4) Page 1, abstract: “reveals that hindbrain sensory memory populations on each side compete to initiate reticulospinal neuron firing and start swimming.” I don’t think you can state it that strongly. Your model predicts that these neurons could play the role, but it doesn’t show anything conclusively.

5) Page 3, 5th para: Caenorhabditis is misspelled, elegans is missing

6) Page 4, 2nd para: you seem to be using hdINs, dINs, and hindbrain dINs interchangeably. I suggest consolidating to a consistent nomenclature. If hdINs and dINs are distinct populations, please clarify that throughout the text and in your schematic.

7) Figure 2, make sure colors between the schematic and recordings match. For example, I found it difficult to find the corresponding recording for dINs since the shades of brown are so different.

8) Figure 2, add (RC) after “rostro-caudal”

9) Page 8, 3rd para: “one of three ways” implies these are alternatives. I think you applied all three instead. If I’m misunderstanding, please explain how you are using these in alternative ways and what the outcomes are.

10) Page 8, 5th para: “Remarkably, when different connectomes were projected to the physiological model of spiking neurons, all of them generated functional behavior that correspond to the ones found in experiments and described below.” Please mention here briefly under what constraints this is true.

11) Page 9, 2nd para: change “formulas” to “equation”, also for other instances of “formula” in the text

12) Figure 3a: label axes with “presynaptic populations” and “postsynaptic populations”

13) Figure 3b: the inversion of pre and postsynaptic axes in comparison with 3a is confusing. Maybe also label with pre and post in addition to your explanation in the text.

14) Figure 4a: are these 6 trials of the same neuron? Six different neurons?

15) Figure 4k: It looks as if none of the exIN probabilities were able to generate all four conditions. Is that correct? Could you comment on that, and I think it's also worth mentioning this in the text.

For Fig 4g-j, what probabilities did you use there?

When you say on page 12 "we selected the optimal value of exIN commissural connection probability p=0.33 to obtain a similar percentage and minimize the percentage of “undesired” one sided and synchrony responses."

What do you mean by that? Select for further investigation? Are all simulations going forward using this probability?

16) Figure 4, legends for c and d, and legends for e and f are swapped

17) Page 22, 3rd para: please tone down language like this: “explains how the decision to swim is made”. Your model offers a possible mechanism and should be seen as a prediction. Experimental work is now necessary to test the hypotheses you put forward.

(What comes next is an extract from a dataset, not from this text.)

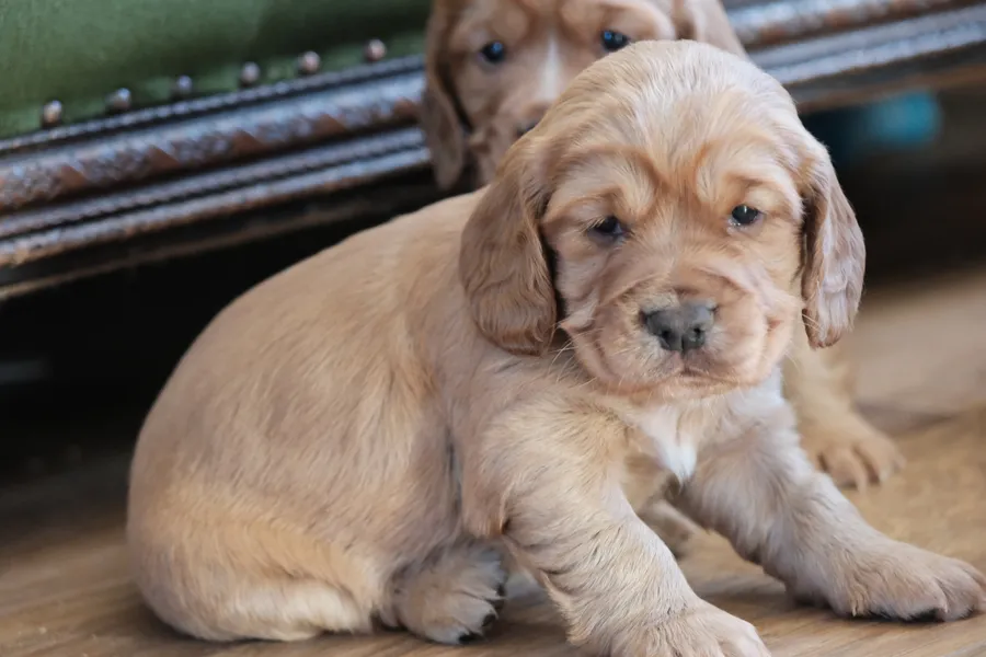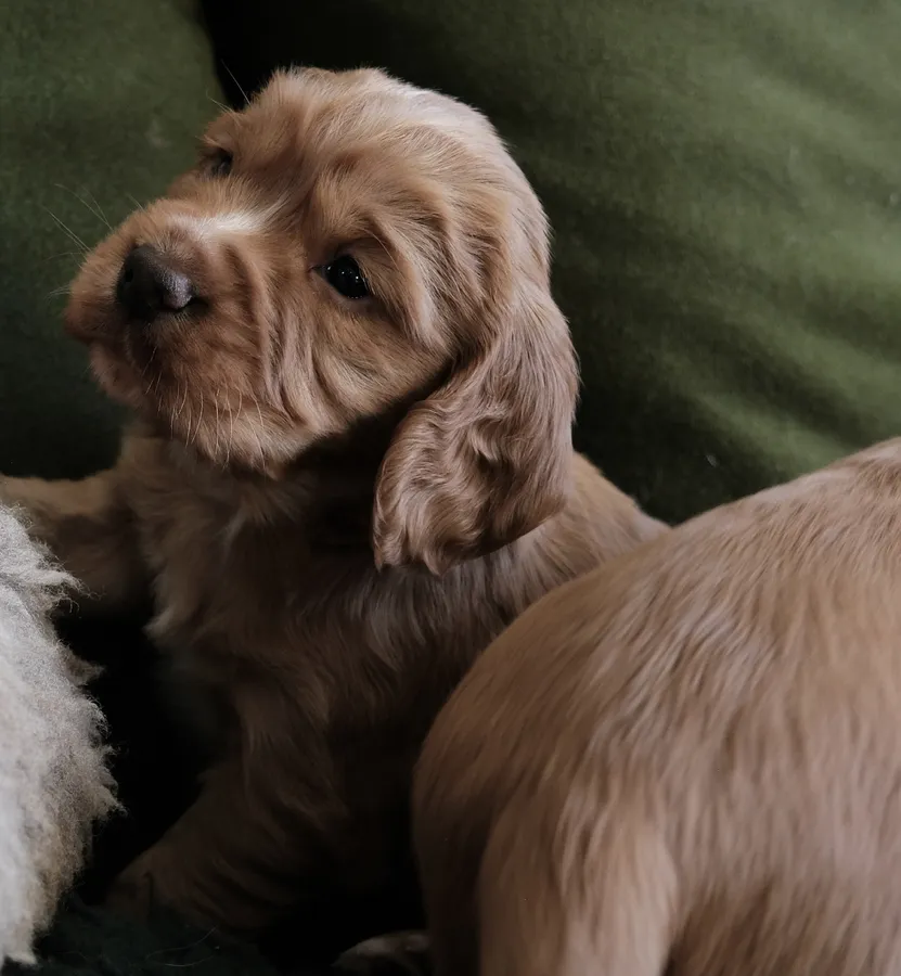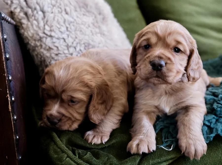 We have two English Cocker Spaniel dog puppies available to be viewed. Both are a golden red colour. Both are handsome big boned types with a deep square muzzled and boxy frames. They already have nice action and style and would make lovely hunting dogs, their breeding credentials back this up.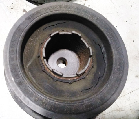 При замене масла решил глянуть как там ремень и ролики, и заметил внутри шкивы коленвала мусор, присмотревшись оказалось, демпферу хана, он весь в трещина…

Same for this sentence just a few lines down “our modelling reveals the hindbrain neuronal mechanisms of decision making and swimming initiation”.

Make sure you edit other sections in the text that overstate your results in this way.

18) Page 23 2nd para: “measured in microns” your axes in Fig 4 for example are labeled with mm. is it micrometer or mm?

19) Page 25, lower third, there seems to be something missing before “ ”

20) The Methods section is missing a description of the biomechanical model

21) Code wasn’t available to me, so I can not review its appropriateness.

**********

Have the authors made all data and (if applicable) computational code underlying the findings in their manuscript fully available?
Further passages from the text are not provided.